DeepSeek is a cheapening of AI, and the markets are looking to see who the real beneficiaries are.

PATIENCE HAS LIMITATION

A survey of more than 100 Fidelity analysts conducted in January revealed that 72% believed AI would have no impact on profitability in the companies they cover by 2025.

Fidelity analysts saw positive impacts over a longer period of time than the average. Several European portfolio managers said their timeframe was shorter.

The market will lose patience if it does not see a return on its investment, said Steve Wreford. He is the lead portfolio manager of Lazard Asset Management's global thematic equity group.

Wreford said that companies adopting AI will be given a break if they do not deliver much by 2025. This is when they will likely roll out beta-testing and trials. But, by 2026, they need to see a significant impact on their bottom lines.

The valuations of AI-exposed companies are expensive. According to LSEG, the STOXX 600 has an average multiple of 17 for price-to earnings, while AI adopters such as SAP and LSEG have multiples around 90 or more.

Bernie Ahkong is the chief investment officer of UBS O'Connor hedge fund.
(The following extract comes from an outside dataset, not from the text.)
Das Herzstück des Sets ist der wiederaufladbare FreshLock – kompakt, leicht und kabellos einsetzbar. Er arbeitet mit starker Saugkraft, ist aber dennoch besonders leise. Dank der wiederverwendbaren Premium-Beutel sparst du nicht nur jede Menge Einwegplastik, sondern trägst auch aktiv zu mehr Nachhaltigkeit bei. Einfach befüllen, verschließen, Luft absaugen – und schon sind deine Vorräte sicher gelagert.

He said that investors will begin to question some companies' multiples by 2025 if they do not deliver.

Management teams can use this excuse to justify a multi-year project. He said that if it doesn't arrive by Q4 then people will lose patience.

KILLER CASE

Paddy Flood is a portfolio manager at Schroders and a global sector specialist in technology. He believes that the biggest risk to investing in AI in general is whether people will actually pay for viable AI use cases.

"To justify continuing spending, we must see concrete applications. Whether a single killer' application or a variety of impactful ones."
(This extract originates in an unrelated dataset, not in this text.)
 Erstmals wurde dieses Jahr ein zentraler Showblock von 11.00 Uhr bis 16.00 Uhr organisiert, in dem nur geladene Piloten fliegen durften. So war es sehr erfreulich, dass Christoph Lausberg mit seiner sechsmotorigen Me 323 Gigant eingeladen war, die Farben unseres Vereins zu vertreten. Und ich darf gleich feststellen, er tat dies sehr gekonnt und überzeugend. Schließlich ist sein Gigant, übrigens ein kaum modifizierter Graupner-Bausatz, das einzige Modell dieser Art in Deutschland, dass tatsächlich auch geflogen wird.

Fabio di Gianante, the head of large European equity at Amundi - Europe's largest asset manager - said that the relative scarcity in European AI meant that they were already priced at a premium. However, the majority of news coming out of the sector so far has been about capital spending and orders.

He said that at some point, you will need to see how these things affect the top line and the margins. If the benefits are not as large as implied by the valuations, the multiples may be reassessed.

This could be the year that this occurs on a large scale.